* [What you should do]
The records follow. Transcribe only the lines from the line containing "アウトレット 】カラー胴 濃紺基盤刺" through the end, both ends included, and leave out the pictures.

Stored entries

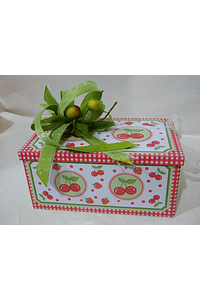 Lata retangular tema " Cerejas " 175x104x85 mm, com 300gr de deliciosos bombons. Decorada com fitas em em tons de verde e frutos.
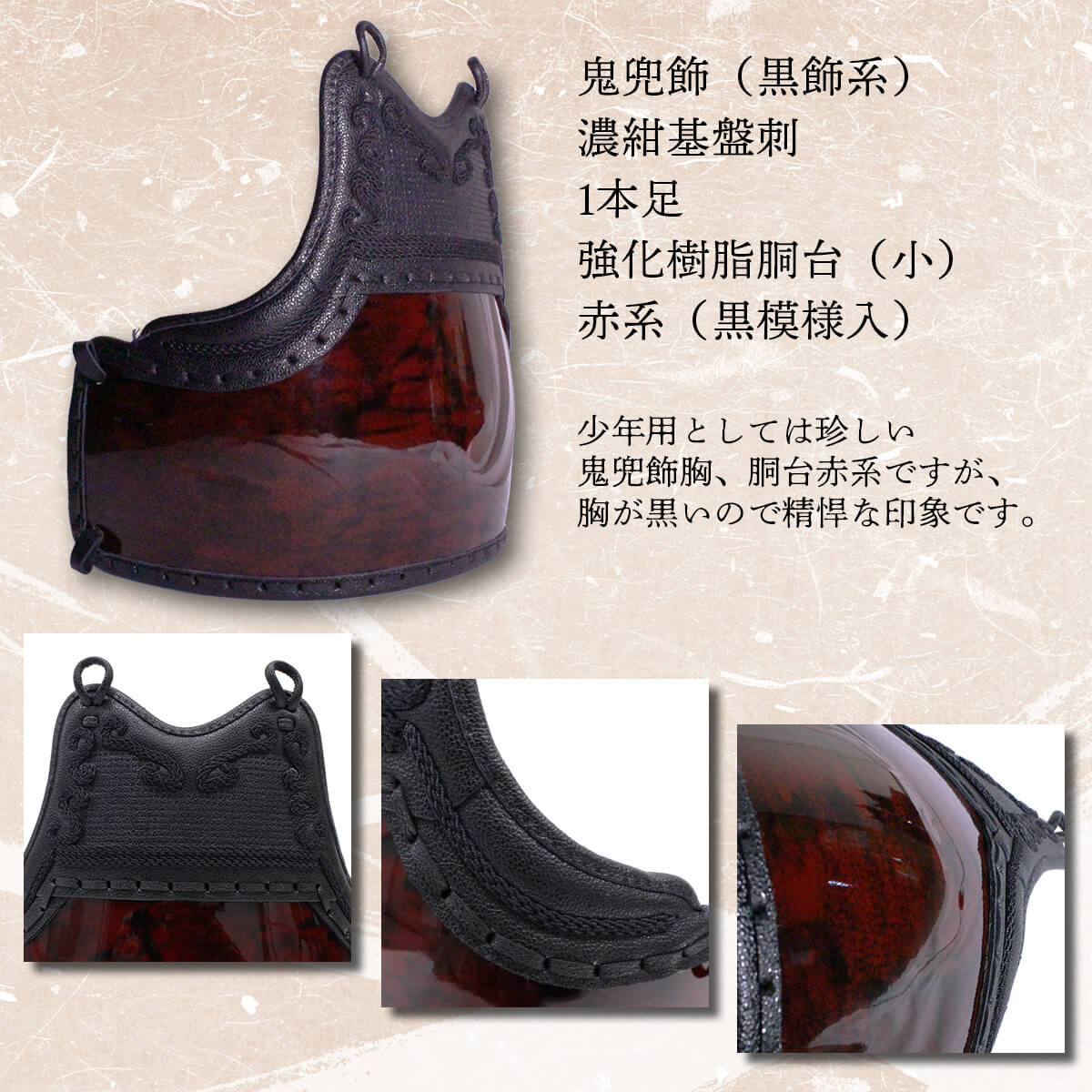 ![【 アウトレット 】カラー胴 濃紺基盤刺 鬼兜飾 強化樹脂胴台 赤系 [Sサイズ]](http://www.kendo.co.jp/cdn/shop/files/ou-kd-rb-s-2.jpg?v=1693879789&width=1445)
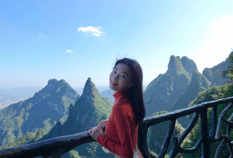張家界,是湖南一個著名的風景區,一座天然的森林公園。黃石寨、天子山、金鞭溪等勝境,是令游人心馳神往之地。在我們出發(fā)之初,心就早已高高飛揚,五個多小時的顛簸終于把我們載到了目的地,導游是一個年輕的女孩子,一見面就放開歌喉唱了首當地土家族的歌謠,歌聲婉轉動聽,一下子讓我們領略到了鄉村
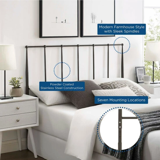 Add a touch of nostalgia with the cottage style of the King Metal Headboard. A perfect complement to industrial, rustic, and farmhouse decor themes, adds relaxing vintage appeal in the master suite or guest bedroom with a quality frame made of stainless steel. This charming metal headboard for twin bed frames comes with non-marking foot caps to help protect flooring and a design reminiscent of traditional country homes. Gracefully designed with integrated round finials, the is height adjustable from 39 inches to 48.8 inches.
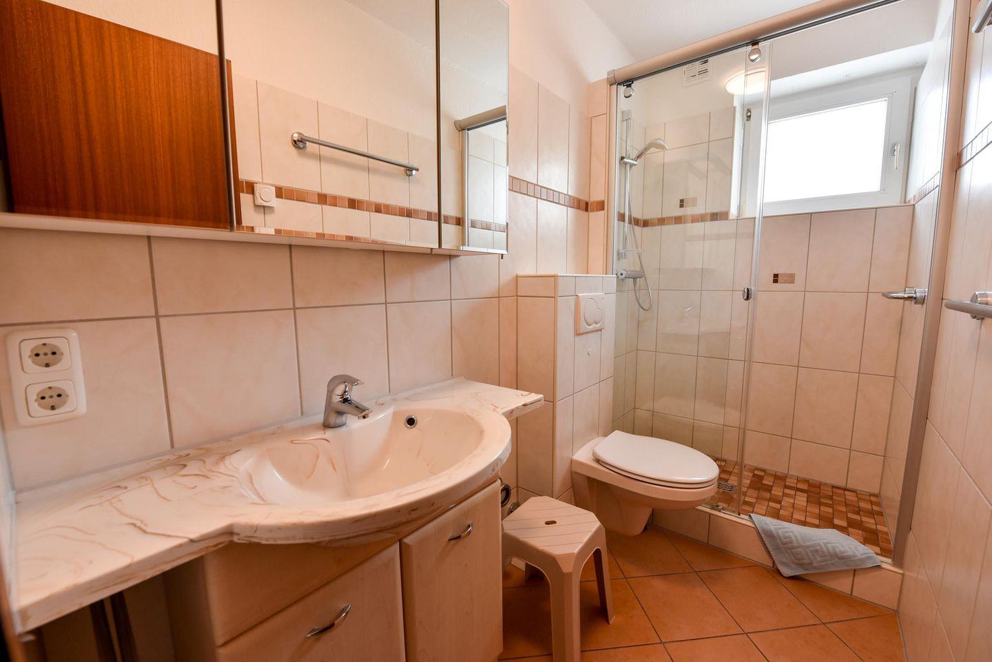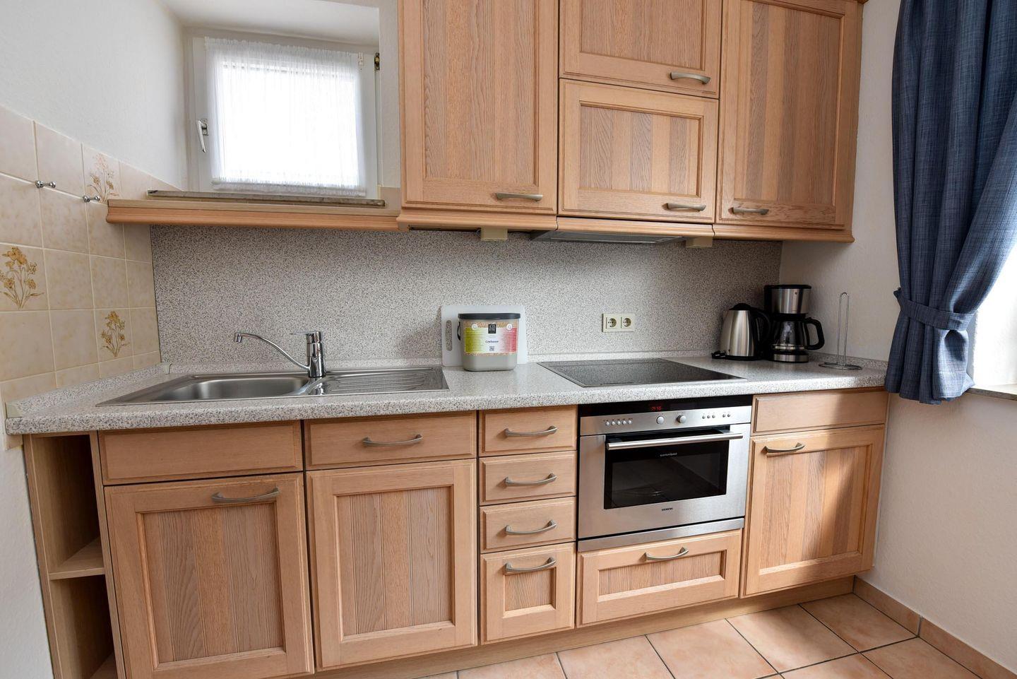 Zur Ausstattung gehören u.a. Kühlschrank, E-Herd mit Cerankochfeld, Kaffeemaschine, Wasserkocher, Toaster, Geschirrspüler, und auch ein Flachbildfernseher ist vorhanden. Selbstverständlich verfügt die Wohnung auch über kostenfreies WLAN sowie einen nummerierten Pkw-Stellplatz.
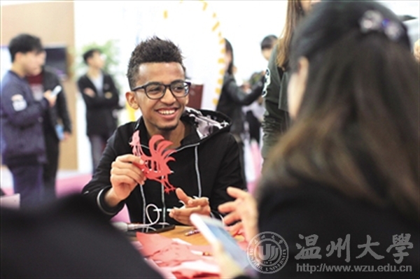 在亚洲成人 馆内,外国留学生展示自己的“大公鸡”剪纸作品。 苏巧将 摄

* [Response]
 ![【 アウトレット 】カラー胴 濃紺基盤刺 鬼兜飾 強化樹脂胴台 赤系 [Sサイズ]](http://www.kendo.co.jp/cdn/shop/files/ou-kd-rb-s-2.jpg?v=1693879789&width=1445)
張家界,是湖南一個著名的風景區,一座天然的森林公園。黃石寨、天子山、金鞭溪等勝境,是令游人心馳神往之地。在我們出發(fā)之初,心就早已高高飛揚,五個多小時的顛簸終于把我們載到了目的地,導游是一個年輕的女孩子,一見面就放開歌喉唱了首當地土家族的歌謠,歌聲婉轉動聽,一下子讓我們領略到了鄉村
 Add a touch of nostalgia with the cottage style of the King Metal Headboard. A perfect complement to industrial, rustic, and farmhouse decor themes, adds relaxing vintage appeal in the master suite or guest bedroom with a quality frame made of stainless steel. This charming metal headboard for twin bed frames comes with non-marking foot caps to help protect flooring and a design reminiscent of traditional country homes. Gracefully designed with integrated round finials, the is height adjustable from 39 inches to 48.8 inches.
 Zur Ausstattung gehören u.a. Kühlschrank, E-Herd mit Cerankochfeld, Kaffeemaschine, Wasserkocher, Toaster, Geschirrspüler, und auch ein Flachbildfernseher ist vorhanden. Selbstverständlich verfügt die Wohnung auch über kostenfreies WLAN sowie einen nummerierten Pkw-Stellplatz.
 在亚洲成人 馆内,外国留学生展示自己的“大公鸡”剪纸作品。 苏巧将 摄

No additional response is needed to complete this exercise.